The Oscars race comes into sharper focus after Sunday's Screen Actors Guild Awards.
If Anne Hathaway dreamed a dream of sweeping the major awards this season, it's coming true.
Daniel Day-Lewis and Jennifer Lawrence were probably in it, too.
The trio of actors followed up their Golden Globe wins with honors at Sunday's 19th annual Screen Actors Guild Awards, which also saw Ben Affleck'sArgo continue its own dream run toward next month's Academy Awards.
Day-Lewis was humble in accepting his male actor award for the starring role in Lincoln.
"It was an actor who murdered Abraham Lincoln," he said. "And therefore it's only fitting that an actor tries every now and then to bring him back to life again.
"Every single cast member gave their characters the kiss of life, and have no doubt, this is an ensemble award."
Hathaway garnered a SAG for supporting female actor for her portrayal of a devoted mother in the musical Les Miserables.
"I'm just thrilled I have dental," Hathaway joked after receiving the award and recalling how she got her SAG card at age 14. "It felt like the beginning of the world."
Silver Linings Playbook star Jennifer Lawrence also had a big win leading up to the Oscar race — female actor.
"This is incredible," she said. "Now I have this naked statue that means some of you even voted for me."
While the Oscars and other awards ceremonies tend to be more all-encompassing in honoring the best of movies and TV, the SAG Awards are focused solely on acting — the trophy that's handed out is even called "The Actor."
Argo won the SAG award for outstanding cast — the ceremony's equivalent to Oscars' best picture. With a win here after a Golden Globe and Producers Guild Award, Argo has quickly become a favorite this awards season.
"I can't believe I'm standing in the same place where Daniel Day-Lewis was," saidArgo star and director Ben Affleck just after Day-Lewis' acceptance speech. "I feel like I'm a better actor just from the radiation."
Tommy Lee Jones garnered a supporting-male-actor trophy for playing abolitionist Thaddeus Stevens in Lincoln,
On the TV side, Bryan Cranston scored his first win for male actor in a drama for playing Breaking Bad's drug kingpin, Walter White.
"It's so good to be bad," he said, thanking series creator Vince Gilligan. "He wrote the role of my career, and I am so grateful to you, sir."
Claire Danes followed up her Globes win with a SAG award for female actor forHomeland, in which she stars as CIA analyst Carrie Mathison.
"They said when I got this role, I'd have a lot to do," Danes said, "which is the understatement of my career."
The PBS British hit Downton Abbey garnered the ensemble award for drama series. "We weren't expecting this! Shut the French windows, honestly," said Phyllis Logan, who plays housekeeper Mrs. Hughes.
In the comedy categories, 30 Rock scored two wins with Alec Baldwin as male actor and Tina Fey as female actor.
"This is ridiculous," said Baldwin after accepting his eighth award for playing Jack Donaghy. "This is the greatest experience I've ever had."
Fey thanked her cast as well as her friend and former Saturday Night Live cast member Amy Poehler. "I've stolen so many of your moves. I've known you since you were pregnant with Lena Dunham," she joked.
The comedian also made sure to plug 30 Rock's series finale after seven seasons on Thursday: "Just tape The Big Bang Theory once, for crying out loud!"
Modern Family won for best cast in a comedy, but Jesse Tyler Ferguson thanked the casts of 30 Rock as well as The Office, which is also ending this season. "You all have set the comedy bar so high," he said. "All of us are indebted to you."

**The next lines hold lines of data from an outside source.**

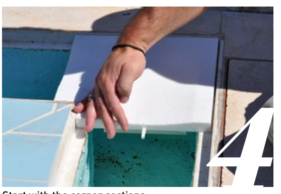
Start with the corner sections
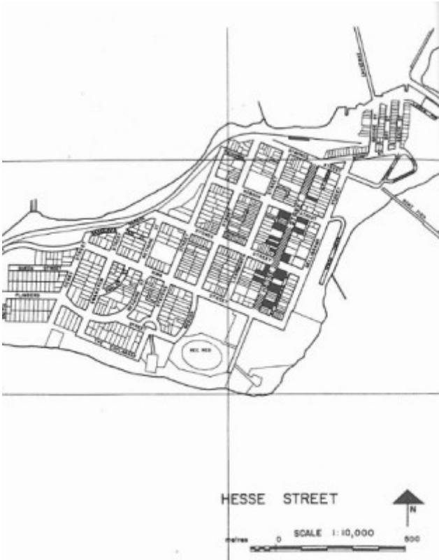
Oceania House location
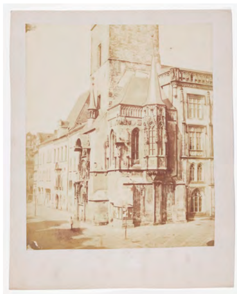
Fig. 6: The town hall in Prague's Old Town, Andreas Groll, 1856, salted paper print, 28.3 × 24 cm (photo), 35 × 28.7 cm (cardboard), Institute of Art History, Czech Academy of Sciences, collection of photographs, inv. no. 575

process, in particular travelling photographers like Groll were struggling to reduce their costs and alleviate physical hardship by creating a series of “master positives” right on the spot and then “recycling” the expensive glass plate for another shot.
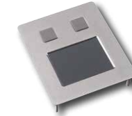
SPS55 waterproof touchpad
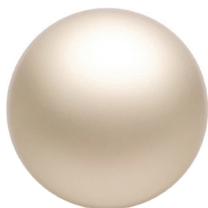
Matt Extra Light Gold REF. C0002TXLS-24
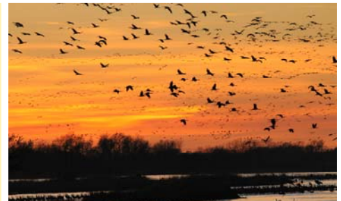
Sandhill Cranes

During the day we visited the Rainwater Basin with many waterfowl, and on the way home stopped at Squaw Creek for waterfowl and white pelicans. Good birds, good company, good weather, and good times!
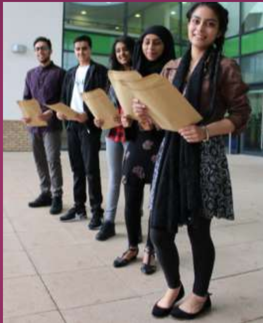
Last Year's GCSE Exam Result Celebrations.
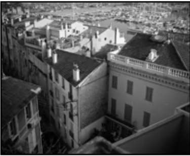
View of city from Hotel Sofitel terrace
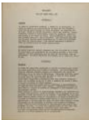
Reglamento - Casa de Puerto Rico, Inc. (JeCo_b15_f06_0013_pg01)
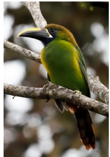
Northern Emerald Toucanet

Prong-billed Barbet Semnornis frantzii —We saw several of this bird that is a near-endemic to Costa Rica, with 4 each at BNBR and Santa Elena, then 2 at Mirador San Fernando during the extension.

In the categories for TV miniseries or movie, Kevin Costner won leading male actor forHatfields & McCoys and Julianne Moore nabbed female actor for playing Sarah Palin in HBO's Game Change.
"This means so much coming from all the other actors who voted," Moore said, thanking most everyone in her cast. "I couldn't have asked for a better team."

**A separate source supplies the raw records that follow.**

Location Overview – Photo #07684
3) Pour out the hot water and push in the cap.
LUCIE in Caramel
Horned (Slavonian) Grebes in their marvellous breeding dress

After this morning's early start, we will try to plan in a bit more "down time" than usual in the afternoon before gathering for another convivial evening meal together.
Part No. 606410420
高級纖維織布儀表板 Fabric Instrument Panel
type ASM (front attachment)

Baldwin presented the SAG Life Achievement Award to Dick Van Dyke, who danced with penguins in Mary Poppins, drove a flying car in Chitty Chitty Bang Bang and became a TV fixture with The Dick Van Dyke Show.

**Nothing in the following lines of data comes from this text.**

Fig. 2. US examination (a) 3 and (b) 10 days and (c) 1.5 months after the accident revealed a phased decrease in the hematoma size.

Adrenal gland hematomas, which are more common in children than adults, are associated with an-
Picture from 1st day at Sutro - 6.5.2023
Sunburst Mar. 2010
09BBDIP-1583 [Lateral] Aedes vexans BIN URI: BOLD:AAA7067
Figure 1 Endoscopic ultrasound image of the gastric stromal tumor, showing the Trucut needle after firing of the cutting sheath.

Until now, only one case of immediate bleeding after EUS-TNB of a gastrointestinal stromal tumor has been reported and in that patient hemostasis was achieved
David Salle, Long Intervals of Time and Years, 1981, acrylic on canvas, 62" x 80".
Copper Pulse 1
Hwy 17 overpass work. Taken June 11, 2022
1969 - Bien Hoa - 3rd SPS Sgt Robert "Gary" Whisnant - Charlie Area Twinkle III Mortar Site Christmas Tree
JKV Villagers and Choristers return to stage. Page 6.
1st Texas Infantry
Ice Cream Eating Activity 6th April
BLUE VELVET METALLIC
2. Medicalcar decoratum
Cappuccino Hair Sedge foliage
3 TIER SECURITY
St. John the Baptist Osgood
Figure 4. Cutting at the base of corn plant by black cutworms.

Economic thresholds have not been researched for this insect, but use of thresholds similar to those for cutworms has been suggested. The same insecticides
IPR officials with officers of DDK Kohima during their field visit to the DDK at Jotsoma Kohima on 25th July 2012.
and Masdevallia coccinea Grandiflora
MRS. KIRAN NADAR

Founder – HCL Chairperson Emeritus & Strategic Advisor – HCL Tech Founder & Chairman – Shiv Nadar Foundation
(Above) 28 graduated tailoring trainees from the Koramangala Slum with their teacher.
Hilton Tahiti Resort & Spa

"This does an old man a lot of good. This is just a thrill," Van Dyke said. "I've been knocking around this business for 70 years and I'm still trying to figure out what I'm doing. Isn't it great we chose a profession that involves not growing up?"
Looking at his award, he concluded, "If this heavy object here lets me refer to you as my peers, I am a happy man."